We also can provide the VirusTotal reports for all the executables in our datasets.
Please read [here](https://github.com/ucsb-seclab/packware/blob/master/datasets/README.md) before contacting us.
## 3. Docker
In order to use our source code in the docker image, you first need to properly install Docker.
To download the docker image that we used for our experiments, navigate to [this url](https://drive.google.com/file/d/1c7lOFLIf4rA2HRqfdRaEvYsbTSRlTjwE/view?usp=sharing) or [install gdrive](https://github.com/odeke-em/drive/releases) and run the following commands:
```sh
drive init
# ... copy authorization url to your browser ...
drive pull -id 1c7lOFLIf4rA2HRqfdRaEvYsbTSRlTjwE # md5sum: 1e198bfd8ca37a5f49d0b380e85234d2
```
Then, to load and run the container:
```console
$ ./load_image.sh packware-docker.tar
$ ./run_docker.sh
```
Now, you can run all the experiments.
## 4. Experiments
You need to execute the following scripts in ```code/experiments``` directory. Roughly speaking, each experiment uses one configuration file (starts with ```config*.py```) and the main training file (training.py or training-nn.py for neural network).
In ```config*.py```, ```round``` means how many times we run an experiments. It is just for collecting more coherent results, it has set to five in our experiments.
We know the code is not very well-written, and we are happy to answer all the questions.

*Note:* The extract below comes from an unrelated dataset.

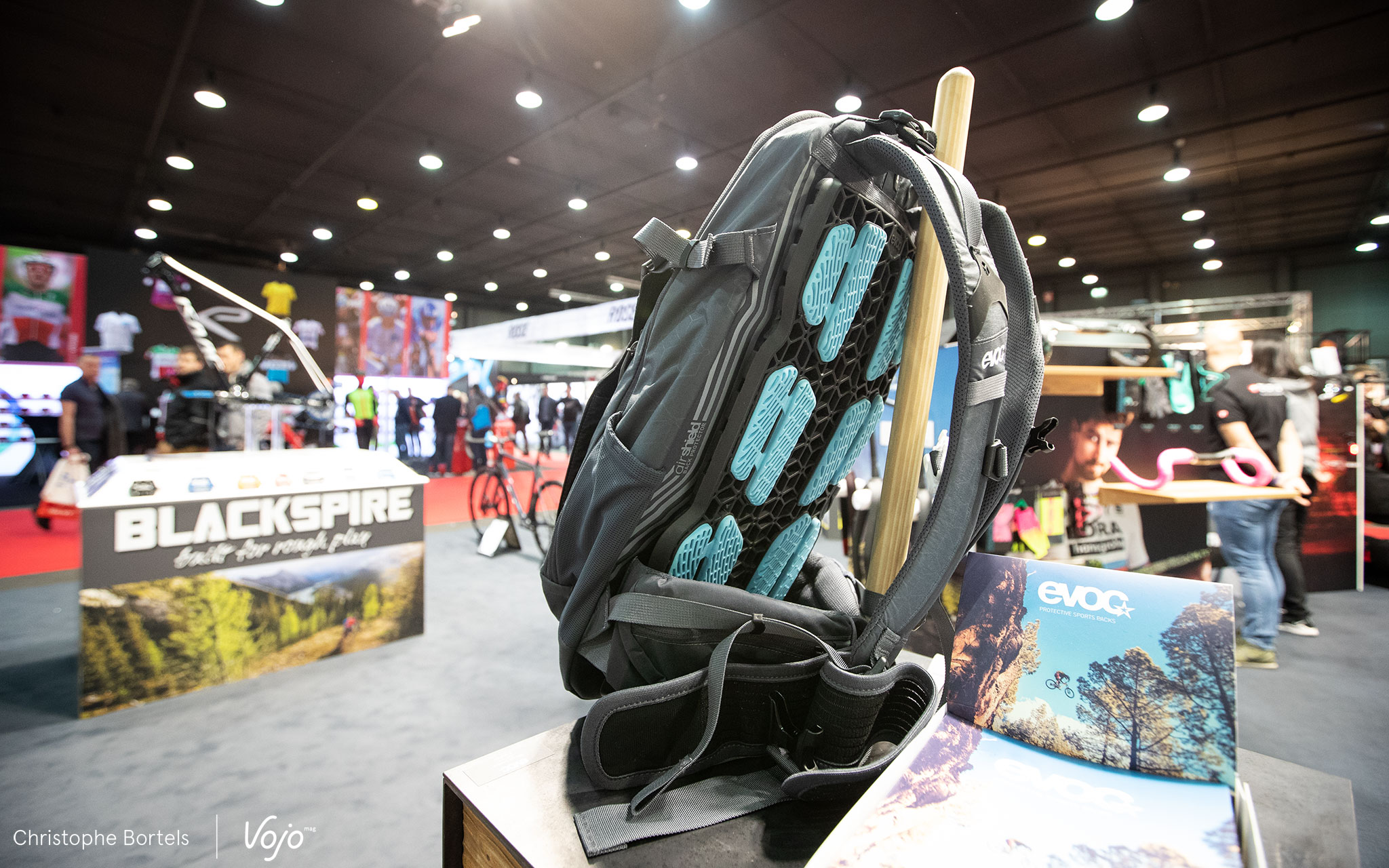 Le Neo 16l de Evoc a aussi attiré notre attention, notamment grâce à son Airshield Protector, une protection dorsale fixée à l’extérieur du sac et qui met particulièrement l’accent sur la ventilation et l’ergonomie.

Run the following commands for the experiments in the paper (with the same order as in the paper).
```
./exp_nopacked-benign.sh
```

To run Experiment "packer classifier", run:
```
python packerclassifier.py
```

To run Experiment "good-bad packers", run:
```
python run_goodbadpackers_allcombs.py
```
```
./exp_diffPackedBenign.sh
./exp_diffPackedBenignNN.sh # for neural network
```
```
./exp_labDiffPackedBenign.sh
./exp_labDiffPackedBenignNN.sh # for neural network
```
```
./exp_singlepacker.sh
./exp_singlepacker-onlyapiimport.sh
./exp_singlepacker-onlyheader.sh
./exp_singlepacker-onlyrich.sh
./exp_singlepacker-onlysections.sh
```
```
./exp_wildvspacker.sh
./exp_wildvspacker-rich.sh
./exp_wildvspacker-nn.sh # for neural network
```
```
./exp_withheldpacker.sh
./exp_withheldpacker-nongrams.sh
./exp_withheldpacker-nn.sh # for neural network
```
```
./exp_labagainstwild.sh
```
```
./exp_dolphin.sh # Strong & Complete Encryption
```

For the adversarial experiment, use ```code/experiments/adversarial/adv.py``` script.